Electrifying founders

They were young – just 26 and 28 – when they founded what would become a global enterprise. They had ideas, they had energy – and they had courage.

Charles Brown (left) and Walter Boveri (right)
Charles Brown (left) and Walter Boveri (right)

Walter Boveri:  Visionary entrepreneur

He graduated from high school at 17 and was a qualified mechanical engineer by the age of 20: born in Bamberg in 1865, things moved quickly in the life of Walter Boveri. He got to know Charles Brown at Oerlikon Engineering Works and they became close friends. It was on trips abroad that he discovered his own interest in business, and together with Brown he drew up a business plan, but nobody wanted to invest the 500,000 Swiss francs they needed. Nobody, that is, except silk manufacturer Conrad Baumann, who granted Boveri not only the loan but also, in 1891, the hand of his daughter, Victoire. So when married life began, so too did Boveri‘s business with Brown, the latter on October 2, 1891. Boveri was a visionary merchant who worked tirelessly in the cause of electrification and became a Swiss citizen in 1893. Later came the crisis of World War I and economic misfortune in the USA, and Boveri sadly died in a car crash in 1924. He was only 59. But his work lives on.

Charles Brown: The boy wonder

Born in 1863, Charles Eugene Lancelot earned his degree at the age of 19. At the age of just 21, he moved together with his father and brother to Oerlikon Engineering Works where he was put in charge of its electrical department at the age of just 21. His technical achievements made headlines: he laid an eight-kilometer-long direct current line and succeeded in transmitting electricity at a remarkable efficiency level of 75 percent.
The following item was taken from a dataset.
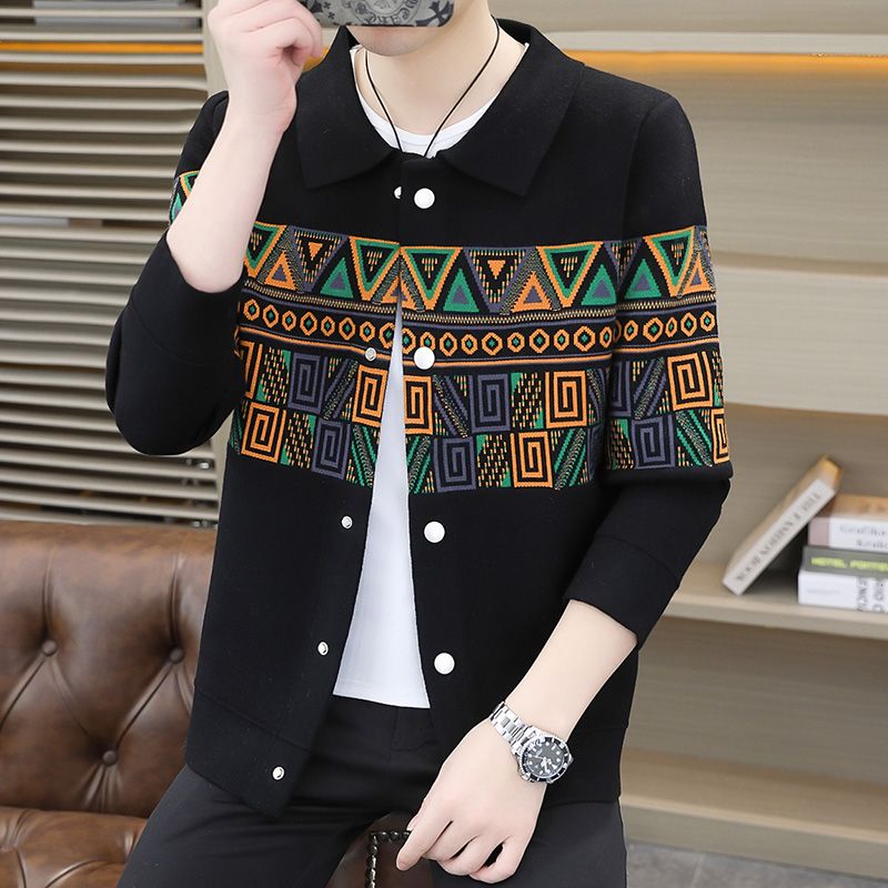 男士秋冬季潮流休闲针织衫上衣男青年潮牌时尚百搭修身毛衣开衫男

He was already working with Walter Boveri by that time; Brown researched and developed alternating current equipment. In 1891, Brown and Boveri founded their company for the “manufacture of electrical machinery.” It was the pioneering Brown in particular who drove the development of the technology. But, in 1911, the two founders fell out. The city of Baden acknowledged their technical and business achievements in 1916 by awarding them the freedom of the city. Charles Brown died of a heart attack in 1924.